The application program sends a commit request that updates records in two databases. The transaction manager initiates the two-phase commit protocol to communicate with each resource manager. First, the transaction manager queries each resource manager and asks whether it's prepared to commit the transaction. Based on the votes of all the participating resource managers, the transaction manager makes the decision whether to commit or roll back the transaction. It is the job of each resource manager to retain its data (both the original and the changed) pending the outcome of the global transaction. When the resource manager is holding this information, it is in the prepare phase. While in the prepare phase, the resource manager locks the data modified by the transaction to isolate these changes from any other transactions. It remains in this locked state (and thus locks the databases) until it receives a commit (or roll back) message from the transaction manager.
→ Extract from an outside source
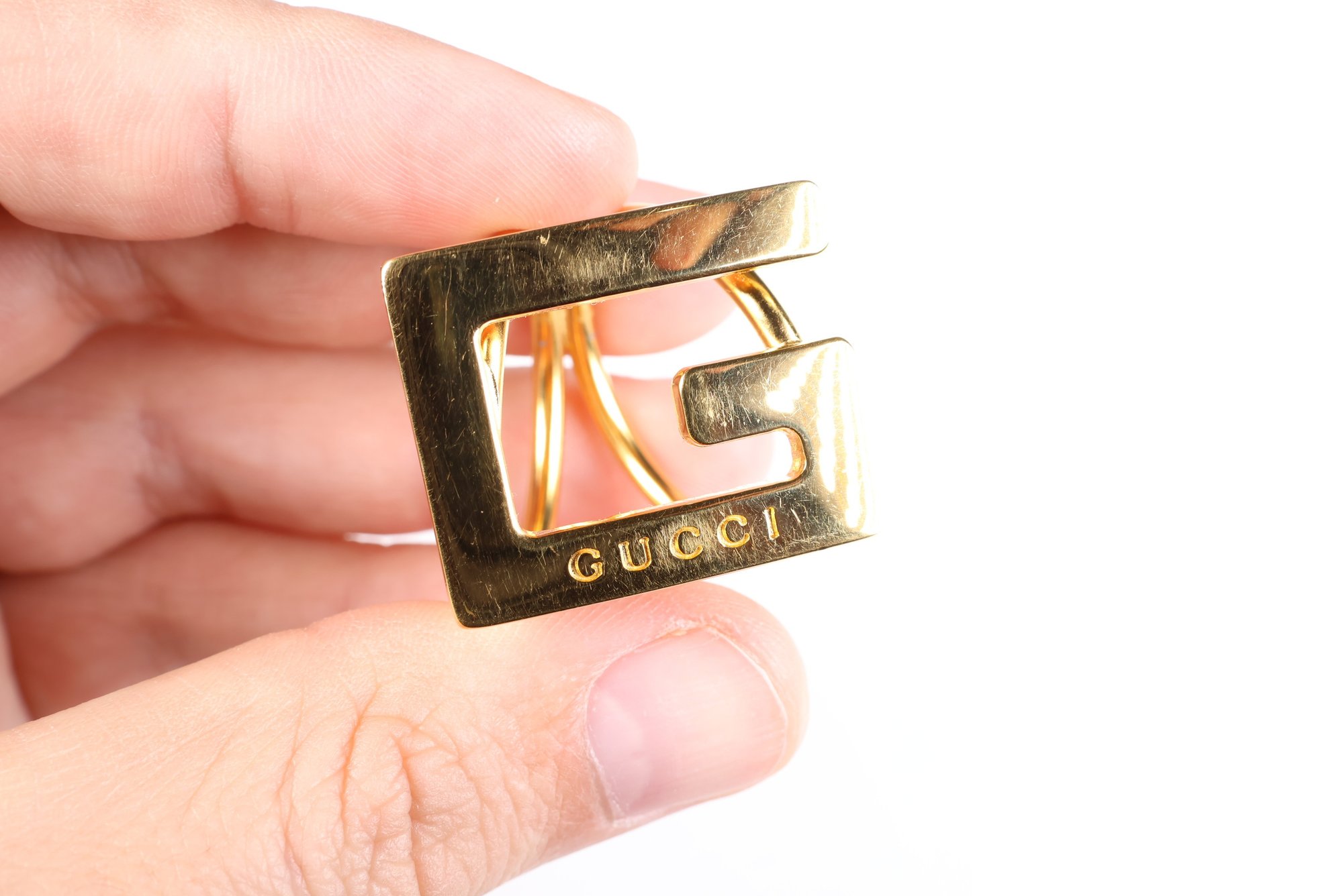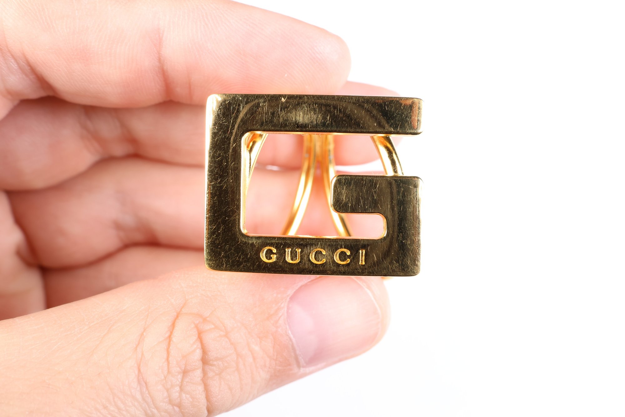 Gucci G Logo Scarf Ring Gold Tone Scarf Holder Metal Accessory

After receiving all the resource managers' votes, the transaction manager decides whether to commit the transaction. If all the resource managers vote to commit, the transaction goes to the commit phase, and each resource manager receives the message to update its resource. If there is at least one vote to abort, the transaction manager sends the message to abort all operations.
Finally, the application program is notified via the transaction manager whether the commit was successful.
The Java Transaction Service
When reading about transactions you are bound to come across the term Java Transaction Service (or JTS). What exactly is JTS?
Simply stated, JTS is an implementation of the transaction processing monitor paradigm. Shortly after The Open Group released its DTP model, the Object Management Group (OMG) released its own Object Transaction Service (OTS). Although based on the X/Open model, OTS replaces the DTP interfaces with CORBA IDL-aware interfaces. In this model, objects can communicate via CORBA method calls over IIOP. It was at about this time that specifications were being drawn up for the J2EE implementation of transactional services. Not surprisingly, the design of J2EE's transaction support is heavily influenced by OTS. In fact, JTS implements OTS and acts as an interface between JTA and OTS.
Recall that we defined a transaction manager as a kind of transaction process monitor (or TPM) that coordinates the execution of transactions on behalf of the application program. Transaction process monitors first appeared en masse with IBM's CICS in the 1960s. TPM-managed transactions were written to perform as procedural events on the database. The 1990s brought distributed object protocols such as CORBA and RMI to the scene. A new component-oriented implementation of the TPM was needed to manage those objects' transactions. The Java Transaction Service is that component-based implementation of the TPM: a component transaction-process monitor (or CTM). It is this component-oriented JTS model that WebLogic implements for its transaction management.
|